Special Category Data Policy
Summary
This policy outlines the Council’s obligations under Data Protection Legislation with regard to the processing of Special Category Personal Data.
1. Policy Statement
East Sussex County Council is committed to ensuring that all personal data it processes, is managed appropriately and in compliance with the General Data Protection Regulation (GDPR) and the Data Protection Act 2018 (DPA 2018) (collectively referred to as “DP legislation”).
The Council recognises its duties to protect all personal data but in particular Special Category Personal Data as defined under Data Protection legislation i.e. information that may identify an
individual’s:
- racial or ethnic origin
- political opinions
- religious or philosophical beliefs
- trade union membership
- health
- sex life/orientation
- genetic/biometric identifier
- criminal convictions/offences
Heads of Service/Information Asset Owners will ensure that all Special Category Data is captured, held or used in their business area in compliance with this policy. Any proposed new use of Special Category Data will be subject to a Data Protection Impact Assessment.
For all uses of Special Category Data, the processing will be included in the Council’s Record of Processing Activity (ROPA). This will include a description of the lawful basis for processing and confirmation that the appropriate data retention rules are being applied.
Failure to comply with this policy may be subject to disciplinary procedures.
2. Responsibilities
- The Senior Information Risk Officer (SIRO) has overall responsibility for ensuring compliance with this policy and with DP legislation
- The Data Protection Officer (DPO) has responsibility for advising the organisation on data protection matters, and for monitoring compliance with this policy
- Heads of Service/Information Asset Owners are responsible for ensuring that all systems, processes, and information assets within their business area are compliant
with this policy and with DP legislation. - All staff are responsible for understanding and complying with relevant policies and
procedures for protecting special category and criminal conviction data.
3. Related Documents
- Information Security/Data Protection Policy
- Record of Processing Activity (Information Asset Register)
- Information Security Incident Policy
- Data Protection – Guidance for Employees
- Case Recording Policy
4. Compliance with the Principles
Data Protection Principle | Procedures for securing compliance | Relevant policies/procedures |
---|---|---|
Personal data will be processed lawfully, fairly and in a transparent manner |
All use of Special Category Data will be: Assessed for lawfulness, fairness and transparency as part of Data Protection Impact Assessments (DPIA). described clearly and precisely in privacy notices available to data subjects.

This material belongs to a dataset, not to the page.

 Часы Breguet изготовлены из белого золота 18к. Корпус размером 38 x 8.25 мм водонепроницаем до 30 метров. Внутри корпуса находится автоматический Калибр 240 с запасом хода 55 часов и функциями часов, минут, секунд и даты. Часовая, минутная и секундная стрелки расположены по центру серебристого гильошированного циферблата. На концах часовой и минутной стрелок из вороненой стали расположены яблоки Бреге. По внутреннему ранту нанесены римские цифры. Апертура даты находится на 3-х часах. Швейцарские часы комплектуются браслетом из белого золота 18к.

The Council will ensure that personal data is only processed where a lawful basis applies, (i.e. is subject to clear justification under Article 6 and 9 of GDPR). The Council will only process personal data fairly, and will ensure that data subjects are not misled about the purposes of any processing. |
Information Security/ Data Protection Policy. Data Protection – Guidance for Employees. |
Personal data will be collected and used for specified, explicit and legitimate purposes and not further processed in an incompatible way (‘purpose limitation’) |
(This will be checked within the DPIA process).

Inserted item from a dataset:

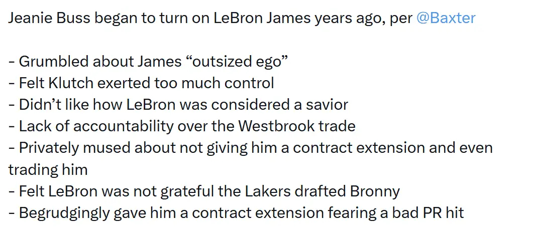 ESPN记者Baxter Holmes报道,湖人老板珍妮-巴斯近年来在内部对勒布朗-詹姆斯的态度逐渐转冷,原因涉及权力边界、更衣室观感以及球队决策等多个层面。报道披露,巴斯的不满主要集中在以下几点:-认为詹姆斯的“个人影响力与自我意识过于膨胀”-觉得Klutch Sports对球队事务施加了过多影响-不喜欢外界将詹姆斯视为“拯救湖人的救世主”-对拉塞尔-威斯布鲁克交易后的责任归属问题感到不满-私下曾考虑不再为詹姆斯提供续约,甚至讨论过交易他的可能性-认为詹姆斯并未对湖人选中布朗尼-詹姆斯表现出足够的感激-最终仍勉强同意续约,主要担心拒绝续约会带来严重的公关风险还好巴斯家族马上滚粗了屁事是真多。湖人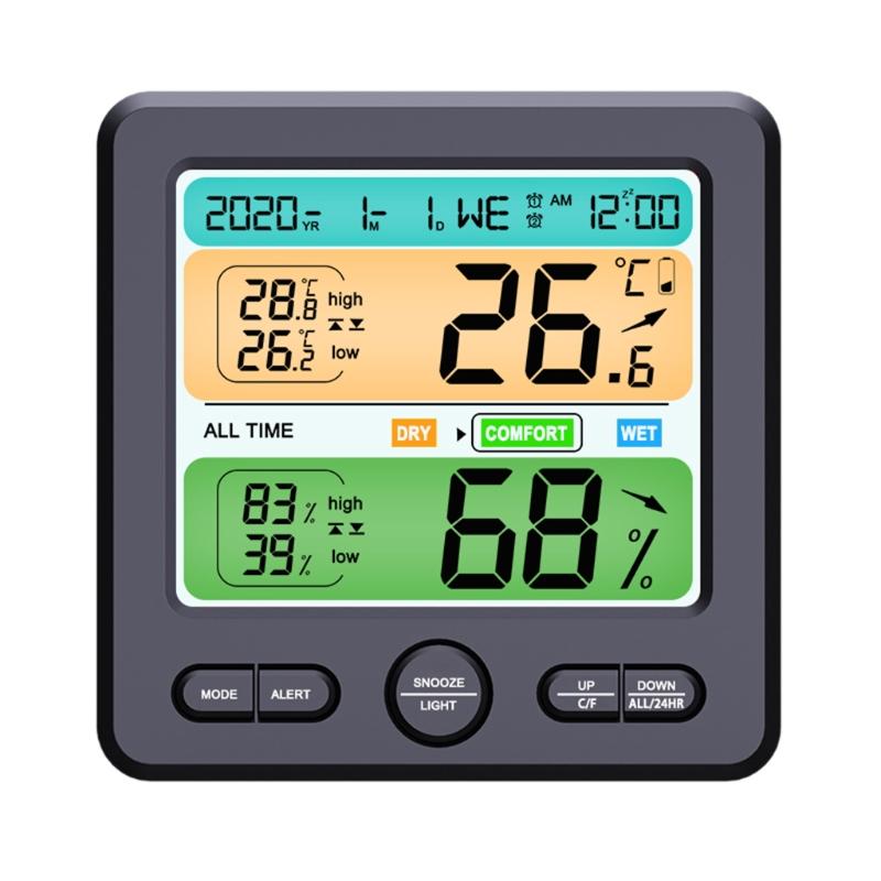 High Precision Temperature Humidity Meter Color Display Weather Thermometer Alarm Clock Desktop Decorations for House

Staff will be trained to ensure that they do not use personal data for purposes other than those authorised by the organisation. Staff will receive training and document procedures for relevant processes. Data subjects will be informed of the purpose for processing in a privacy notice. |
Information Security/Data Protection Policy. Record of Processing Activity/Information Asset Register. Mandatory IG/DP Training. Data Protection – Guidance for Employees. |
Personal data collected and processed will be adequate, relevant and limited to what is necessary for the purpose for processing (‘data minimisation’) |
All forms and systems are subject to Data Protection by Design controls to ensure only data relevant to the business requirement is captured, held and made available. Our systems have roles-based access and staff will be trained to record only the minimal necessary personal data for business needs. (This will be checked within the DPIA process.) |
Information Security/ Data Protection Policy. Data Protection – Guidance for Employees. |
Personal data will be accurate and where required, rectified without delay (‘accuracy’) |
Data accuracy verified using system controls (where applicable) and staff responsible for ensuring accuracy of data recording. (This will be checked within the DPIA process.) |
Information Security/ Data Protection Policy. Data Protection – Guidance for Employees. Case Recording Policy. |
Personal data will not be kept in an identifiable form for longer than necessary (‘storage limitation’) i.e. in line with Council retention schedules |
Heads of Service are tasked with ensuring that the Records Retention Schedule is applied to all personal data, and in particular to Special Category Data. Where systems do not have the functionality to automate disposal, staff have a scheduled task to manually delete time-expired data. |
Information Security /Data Protection Policy. Data Protection – Guidance for Employees. Records Retention Schedule. |
Personal data will be kept securely |
All use of personal data is subject to our Information Security and Data Protection Policy and related controls. Staff are trained to be particularly aware of the additional risks to Special Category Data and the relevant teams have appropriate data-handling processes and guidance. Appropriate means of transmitting data are used. Data is securely stored and securely disposed of (where retention periods are reached) Where processing is sub- contracted or outsourced there are suitable Data Protection clauses in the contract. |
Information Security/ Data Protection Policy. Data Protection – Guidance for Employees |
Contact
If you have any questions about this policy, please contact:
By Post:
Data Protection Officer
County Hall
St. Anne’s Crescent
Lewes
East Sussex
BN7 1UE
By Email: DPO@eastsussex.gov.uk
About this policy
- Document Title: Special Category Data Policy.
- Version Number: 1.0.
- Document Approved By: Senior Information Risk Owner.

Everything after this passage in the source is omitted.